# EXERCISE DESCRIPTION:
A partial copy is required: transcribe exactly the lines from the one containing "to demonstrate not" through the last line below, without any pictures.

Stored items:
* * * * * * * * *
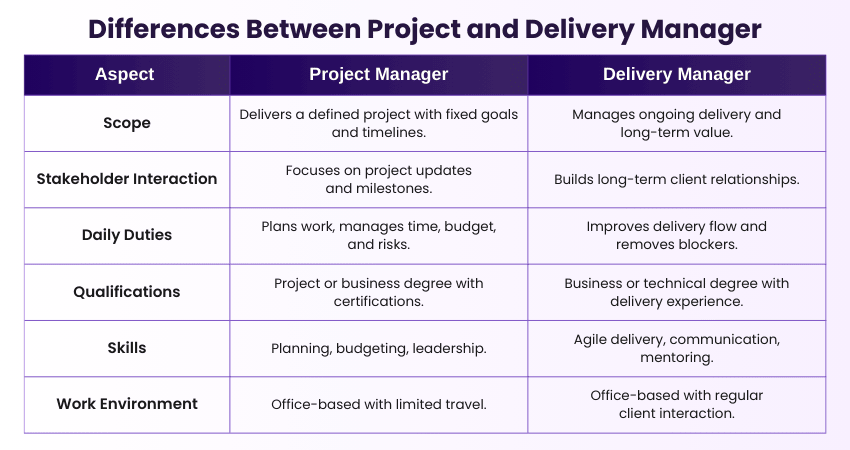 For an effective understanding between Delivery Manager vs Project Manager, it is essential to look at their key differences. This will help professionals to identify which career path suits their goals and organisations to choose the right role for their specific needs. Let’s look at them below.
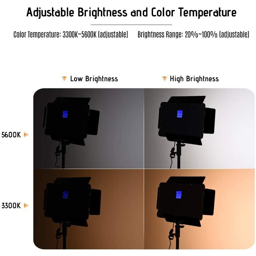 - Adopt 640pcs high quality LED bulbs. Feature high brightness, accurate color temperature and low power consumption. Suitable for portrait, wedding, news interview, macro photography, still life photography and more varieties of shooting scenes.
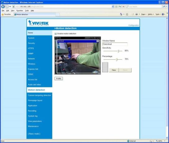 Now we can go back to the Vivotek interface and setup up motion detection (again remember IE is your best bet). Going to the Motion Detection tab you need select “Enable motion detection” and click the New button. This will create a new motion window area to detect motion. Enter a name for the window. Motion will be detected within the area that you select, and will be ignored
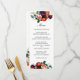 Wonderfully romantic and perfect for fall, late summer, or winter wedding receptions, this menu design features rich romantic colors of burgundy red, blush pink, russet orange and ethereal greenery in a lovely floral border along the top and bottom edges of the design. The back of the menu has coordinating floral bouquets adorning opposite corners of the card. Personalize the text template with your menu selections. Other matching wedding products are available to coordinate with this item.
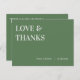 Contemporary Sage Green Wedding Love And Thanks Postcard
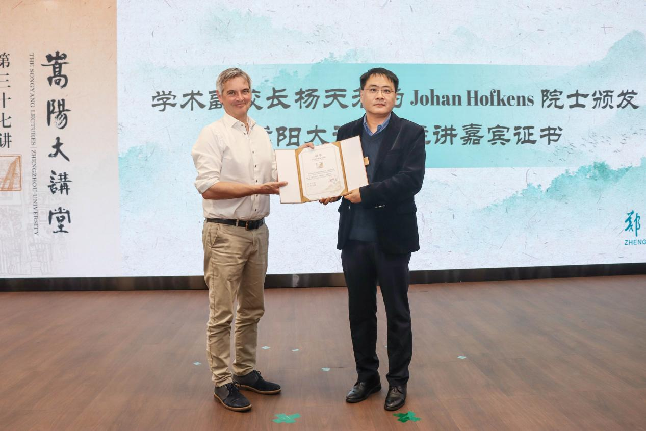 杨天若为Johan Hofkens颁发“嵩阳大讲堂”主讲嘉宾证书
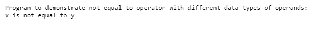 print("Program to demonstrate not equal to (is not) operator is as follows:")
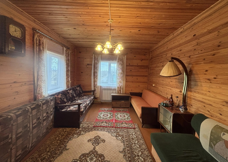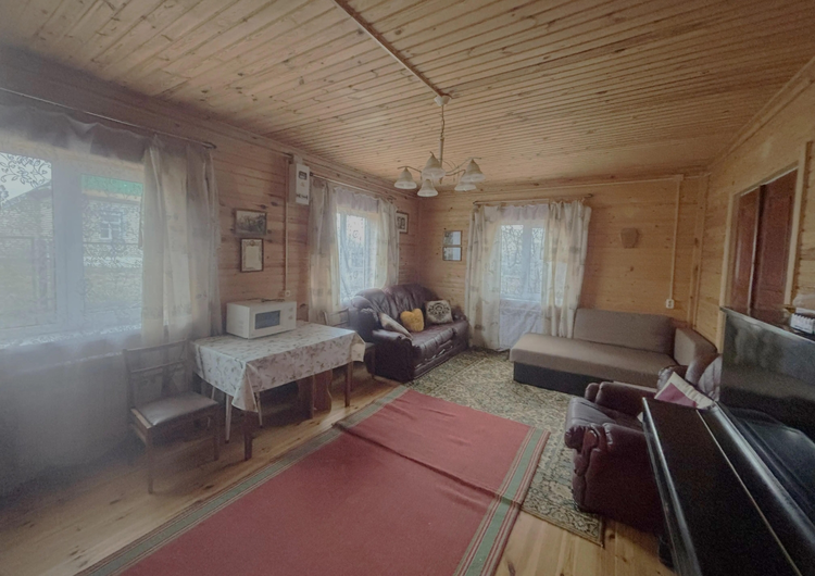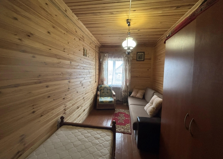 В доме 3 жилых комнаты, стены обшиты деревом.
* * * * * * * * *
# FINISHED EXERCISE:
 print("Program to demonstrate not equal to (is not) operator is as follows:")
 В доме 3 жилых комнаты, стены обшиты деревом.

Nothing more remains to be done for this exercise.